Used as: Division One - Level One:

Is a letter possible?

We can try each of the letters and ask if it is a possible winning letter. This reduces the problem to finding out if it is possible to have a specific letter ch as the winner.

Is it possible to have a letter ch as the winner? We can see this as identifying the cases in which it is impossible. Imagine we knew of an optimal strategy that would always yield ch as the winner in cases where it is possible. If this strategy failed, then we can conclude the case is impossible. So we need to find the optimal strategy.

Optimal strategy

Imagine we have t letters equal to ch and r letters different to ch. If t > r, letter ch already won, we can make r pairs , each with a single ch letter and then t - r ch letters will remain. Once (t <= r), however, we find that this strategy will make us lose. Our only hope is to find pairs among the letters different to ch. If all those letters are the same, then we cannot remove them. If they are some distinct pairs, we might have many distinct options for what pair to pick.

For all letters distinct to ch, try to pair them together until none of them or only one of them remains. If one of those letters remains, the number of repetitions of that letter should be as least as possible (because it has to be smaller than the number of ch letters.

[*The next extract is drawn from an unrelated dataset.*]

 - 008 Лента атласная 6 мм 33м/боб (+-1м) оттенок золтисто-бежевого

Since we want to minimize the final number of letters. An idea is to always pick the pair that removes one of each of the two most frequent letters. Can we prove it? Consider letters x, y, z and w with counts c _x >= c _y > c _z >= c _w. We need to prove that removing x and y is never worse than other options:

• Removing (x,y) is not worse than removing (z,w), If removing (z,w) is part of the optimal strategy, then we will still be able to do it after removing (x,y).

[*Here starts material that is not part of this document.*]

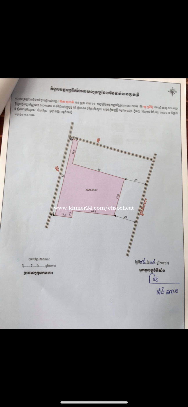 ទីតាំងល្អជាប់ផ្លូវជាតិលេខ៥១ ស្ថិតនៅក្នុងភូមិត្រពាំងឈូក ឃុំព្រះស្រែ ក្រុងឧតុង្គម៉ែជ័យ ខេត្តកំពង់ស្ពឺ។ ដីរាងអក្សរT(តេ)ជាប់ផ្លូវបីជ្រុងគឺផ្លូវជាតិលេខ៥១ និងផ្លូវលំទំហំ១០ម៉េត្រ២ទៀត ល្អសំរាប់អាជីវកម្ម។ ទំនាក់ទំនងមកលេខទូរសព្ទ: 012650xxxClick To Call, 012822xxxClick To Call (មានតេឡេក្រាម)។
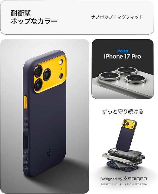 Spigen 【創業18年の技術力】 iPhone 17 Pro MagSafe対応 マグネット搭載 ストラップホール 米軍MIL規格 ナノポップ・マグフィット (ブルーベリー・ネイビー) ACS09966 a

• Removing (x,y) is not worse than removing (x,z). If we do it, the counts become (c _x - 1 >= c _y - 1 >= c _z >= c _w) and once again, (x,z) is still a possible move. (Note that if a > b then a - 1 >= b).

• For other cases; (x,w), (y,z) , (y,w), the argument is similar.

So we can just repeat this strategy. If no letters different than ch remain or if the only letter different than ch appears less times than ch, then ch is a possible winning letter.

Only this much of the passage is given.